「タワマン節税」もアウト?税務署が異例の判断を下した4つの理由写真はイメージです Photo:PIXTA

相続財産を圧縮するため不動産を購入することは、広く知られている節税手法である。しかし近年、相続財産に対する課税はより広く、より緻密なものとなりつつあり、不動産もその例外ではない。そんな課税強化の流れを象徴する出来事として、二つの「高額賃貸マンション否認事例」を取り上げたい。いわゆるタワマンなどの高額賃貸マンションの購入による相続税対策が税務署に認められなかった例である。なぜ認められなかったのか。詳しく見ていこう。(税理士・OAG税理士法人 資産トータルサービス部部長 奥田周年)

「高額賃貸マンション相続対策」を否認
“課税強化”を象徴したある判決

 2019年8月27日、東京地裁が出したある判決は、相続を扱うわれわれのような税理士あるいは金融関係者や不動産業者の間で話題になった。

 争点となったのは、被相続人が亡くなる直前に、金融機関からの借入により約13.8億円(合計)で取得した二つの高額賃貸マンション評価額。これを相続人は約3.3億円で算出したのだが、税務署は約12.7億円とすべきだと主張し、真っ向から対立した。その差額はなんと約9.4億円。なぜこのように大きな隔たりが生じたのだろうか?
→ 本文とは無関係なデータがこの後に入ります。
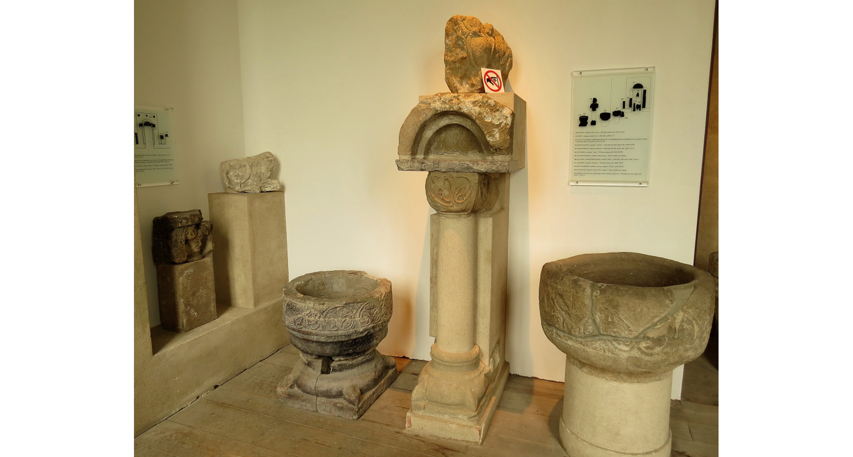 Två dopfuntar från början och mitten av 1100-talet ramar in en kolonn med delar från en lejonskulptur också denna från 1100-talet.

 相続の際には、支払うべき相続税額を計算する上でも必要な「相続財産の評価額」を算出する。相続財産は現金だけでなく、株式や債券、貴金属、骨董品、そして不動産など多岐にわたる。それぞれについて国が「財産評価基本通達」で定めた基準を基に、算出することになっているのだ(詳しくは『【3分で分かる】相続対策の「三大鉄則」、税務署ににらまれる失敗パターンは?』を参照)。

 相続財産の評価額は、現金はそのままの金額、金・地金や有価証券は換金価格(時価)となるのに対し、不動産は「不動産評価額」が用いられる。この不動産評価額には、目的や算出方法によって「固定資産税評価額」「路線価」「基準値標準価格」「公示価格」「実勢価格(時価)」の5種類がある。「一物五価」という言葉を聞いたことがある人もいるだろう。このように不動産評価額は変動するため、なるべく小さな評価額に抑えることで、相続税の節税になるのだ。

 なお不動産は土地と建物とに分けられる。相続財産の評価は、土地は路線価(公示価格の80%)、建物は固定資産税評価額がそのまま適用される(固定資産税評価額は建築費の50~70%)。

 さて、冒頭の高額賃貸マンションのケースに話を戻そう。相続人は土地については路線価を、建物については固定資産税評価額を基に評価額を算出した。評価額の合計は約3.3億円で、相続税の基礎控除以下だったため、相続税はかからない計算だった。

 ところが、である。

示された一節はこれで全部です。